DESCRIPTION (provided by applicant): Siderophores are low molecular weight iron chelators produced by bacteria to scavenge iron from the environment, and are frequently required for bacterial virulence. In iron limiting environments such as the human host, if the production of the siderophore is disrupted, the bacteria cannot acquire the iron required for growth and survival. Pseudomonas aeruginosa are notoriously antibiotic-resistant and are able to colonize immuno-compromised patients and the lungs of patients with cystic fibrosis. The long-term goal of the research in this laboratory is to provide a detailed mechanistic and structural understanding of enzymes in the siderophore biosynthetic pathways that are targets for drug discovery. Toward that end, we propose to investigate the nonribosomal peptide synthetase accessory enzymes that produce salicylate, a precursor incorporated into the siderophore pyochelin from the bacteria P. aeruginosa. The two enzymes to be studied, the isochorismate synthase (PchA) and isochorismate-pyruvate lyase (PchB), are ideal model systems for making fundamental advances in understanding the reaction pathways of catalysis. We will use a multifaceted approach that includes enzyme kinetic analysis, structural biology and computational enzymology, and identify inhibitors of the enzymes through high-throughput screening. Our first specific aim will be to determine the relative catalytic contributions of a reactive substrate conformation and electrostatic transition state stabilization in the pericyclic reaction mechanisms performed by the isochorismate- pyruvate lyase that has adventitious chorismate mutase activity. We will define the structure- function relationships of the Mg+2 dependent isochorismate synthase, a member of the MST family of proteins in our second aim. Finally, our third aim is to identify small molecule inhibitors of salicylate production, and determine their mode of action. PUBLIC HEALTH RELEVANCE: Pseudomonas aeruginosa is a dangerous opportunistic pathogen that is a common cause of infections in susceptible hosts, including cancer patients undergoing chemotherapy, AIDS patients, those with immune deficiencies, cystic fibrosis patients, burn patients and other at risk individuals including infants. The goal of this work is to provide a fundamental understanding of two enzymes that promote virulence in P. aeruginosa so that this information can be exploited to generate new antimicrobial drugs.

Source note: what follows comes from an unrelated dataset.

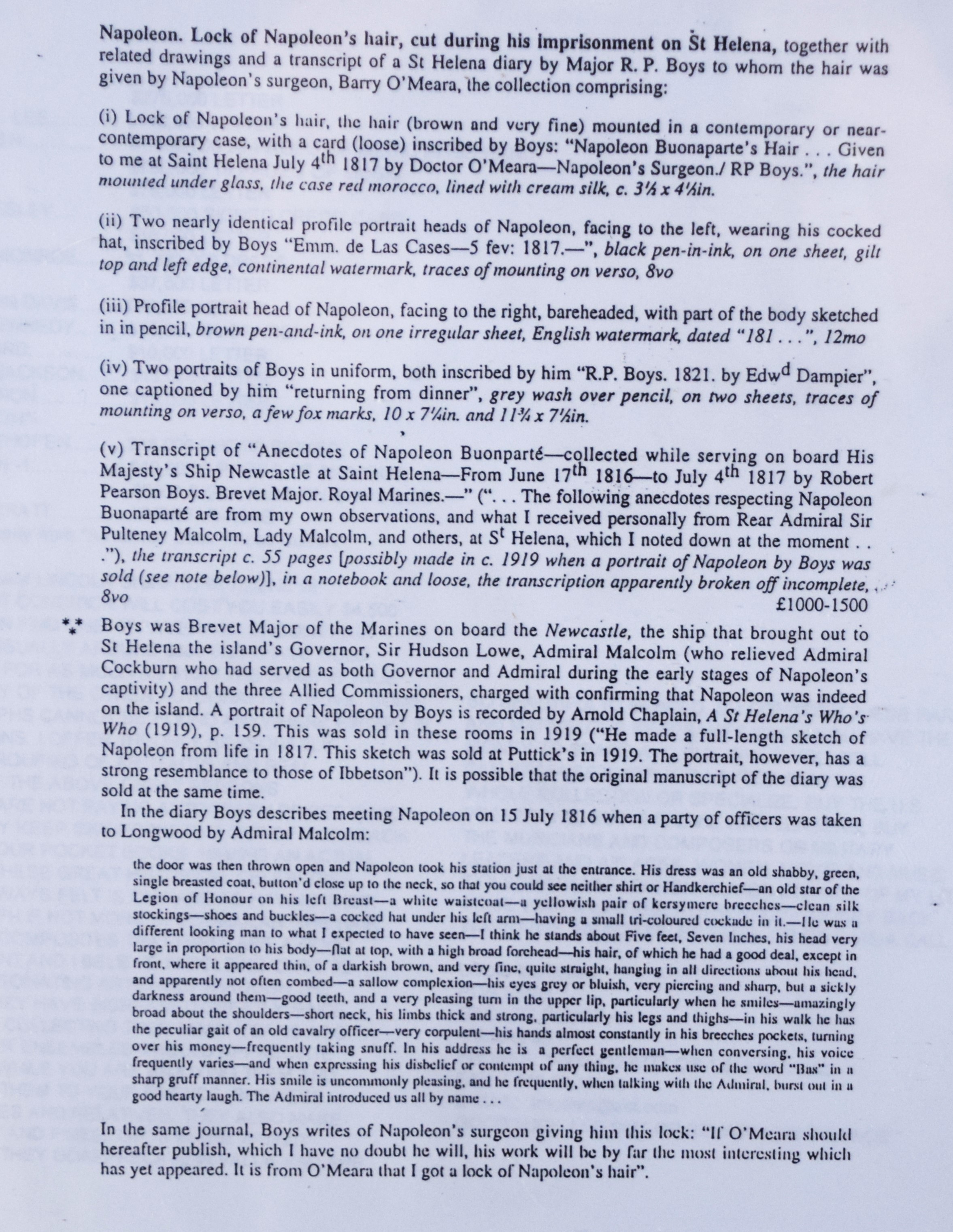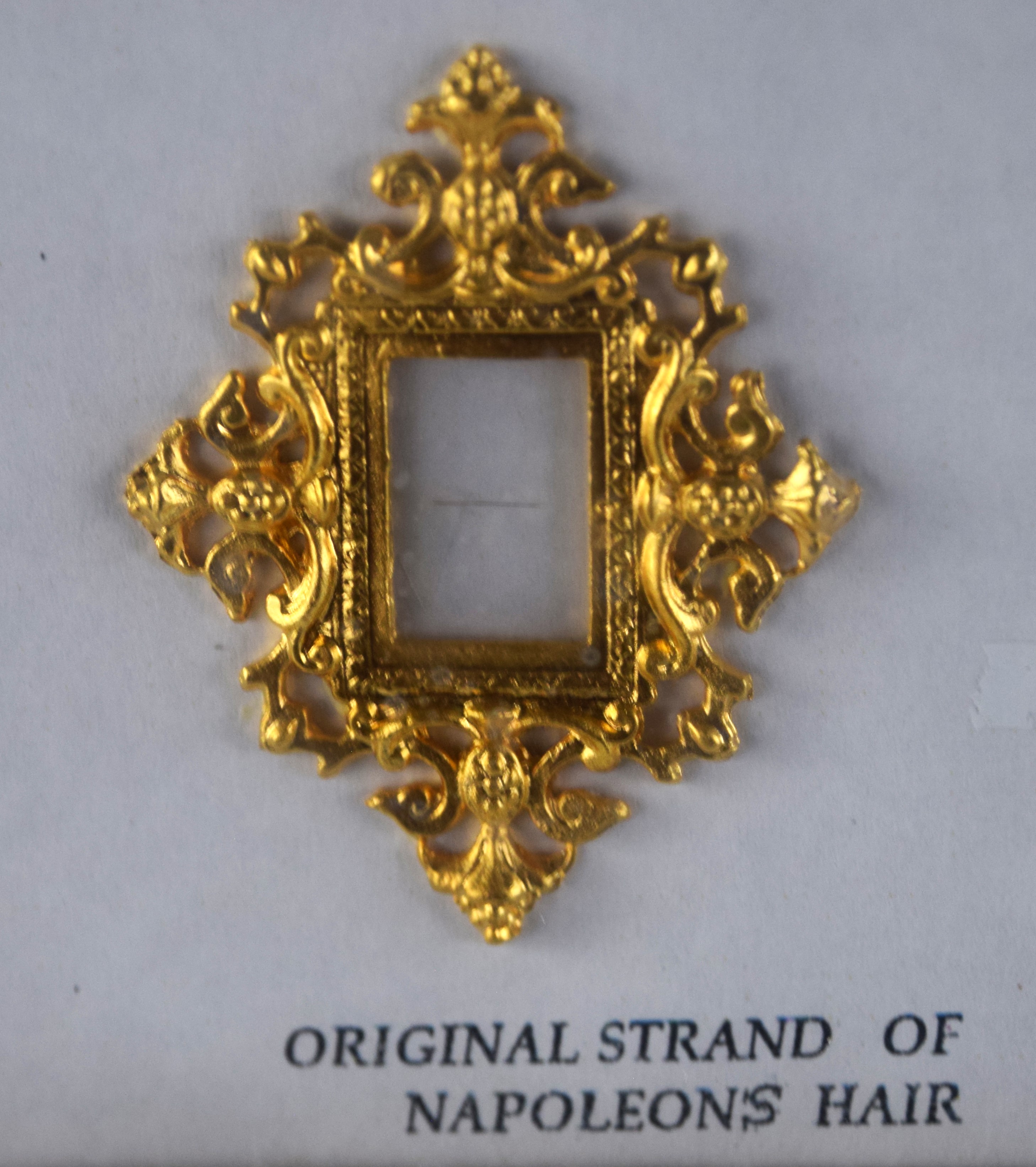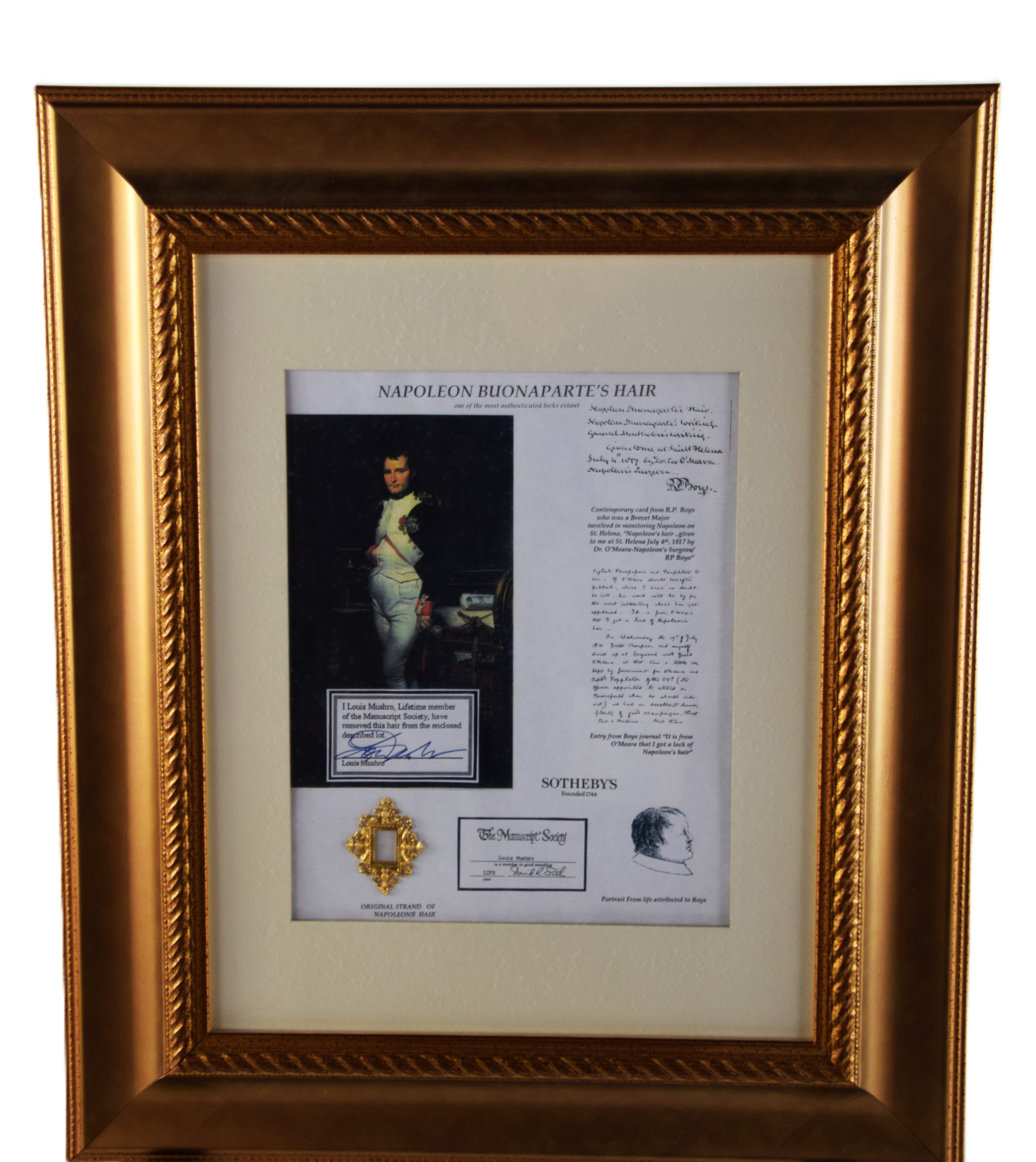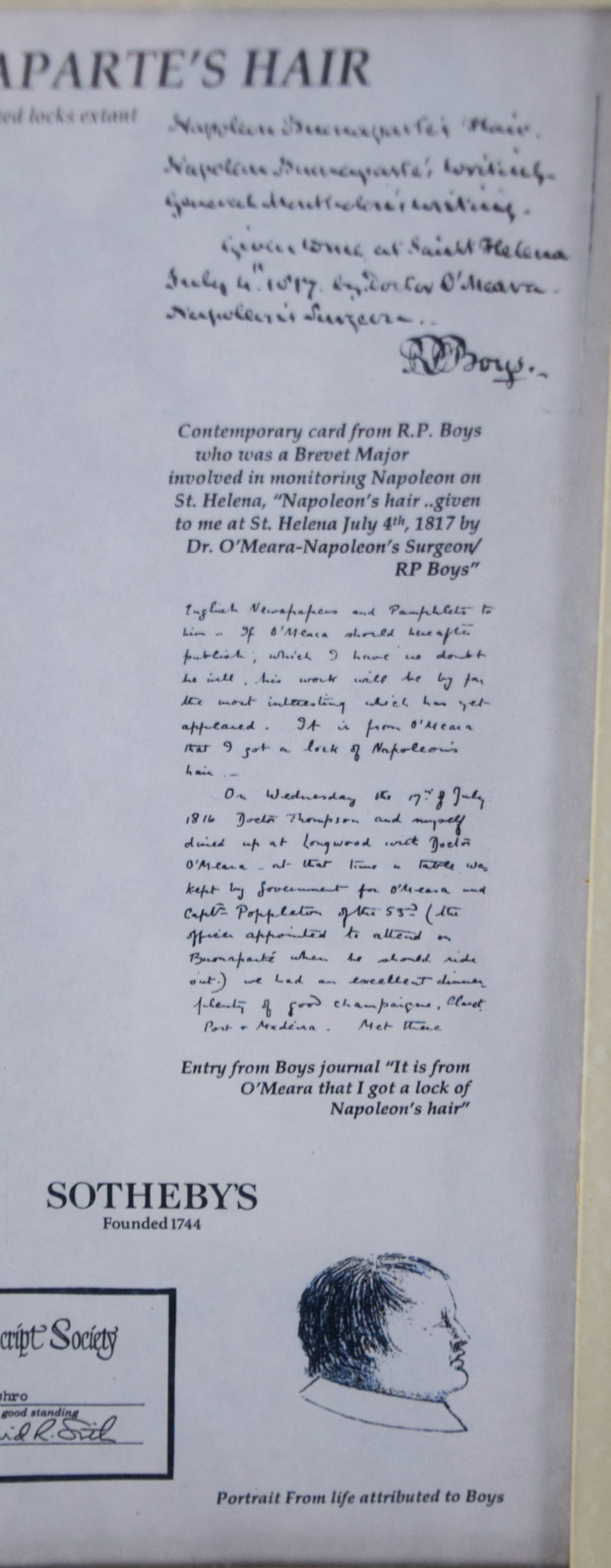 Framed Napoleon Bonaparte’s hair, cut during his imprisonment on St. Helena and given by Napoleon’s surgeon to British Major R. P. Boys, who was monitoring Napoleon at St. Helena. Dimensions: 9.5″ x 7.5″ Image size, 19″ x 16″ Overall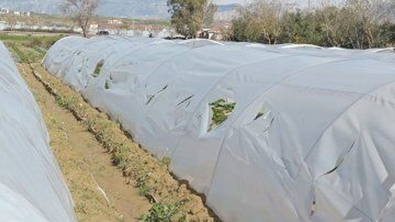 Çilek serasının naylonunu keserek zarar verdiler

描述（由申请人提供）：铁载体是由细菌产生的低分子量铁螯合剂，用于从环境中清除铁，并且经常需要细菌毒力。在限制铁的环境中，如人类宿主，如果铁载体的生产被破坏，细菌就不能获得生长和生存所需的铁。众所周知，铜绿假单胞菌具有抗生素耐药性，能够在免疫功能低下的患者和囊性纤维化患者的肺部定植。本实验室研究的长期目标是提供铁载体生物合成途径中酶的详细机制和结构理解，这些途径是药物发现的目标。为此，我们建议研究产生水杨酸的非核糖体肽合成酶辅助酶，水杨酸是细菌P. aeruginosa中铁载体pyochelin的前体。所研究的两种酶，即异丙酸酯合成酶（PchA）和异丙酸酯裂解酶（PchB），是在理解催化反应途径方面取得根本性进展的理想模型系统。我们将使用多方面的方法，包括酶动力学分析，结构生物学和计算酶学，并通过高通量筛选确定酶的抑制剂。我们的第一个具体目标将是确定活性底物构象和静电过渡态稳定在由具有外源性氯酸突变酶活性的异丙酸-丙酮酸裂解酶进行的周环反应机制中的相对催化作用。在我们的第二个目标中，我们将定义MST蛋白家族成员Mg+2依赖性异choris酸合成酶的结构-功能关系。最后，我们的第三个目标是确定水杨酸生产的小分子抑制剂，并确定其作用方式。公共卫生相关性：铜绿假单胞菌是一种危险的机会性病原体，是易感宿主（包括接受化疗的癌症患者、艾滋病患者、免疫缺陷患者、囊性纤维化患者、烧伤患者和包括婴儿在内的其他危险个体）感染的常见原因。这项工作的目的是提供对铜绿假单胞菌中促进毒力的两种酶的基本了解，以便利用这些信息来产生新的抗菌药物。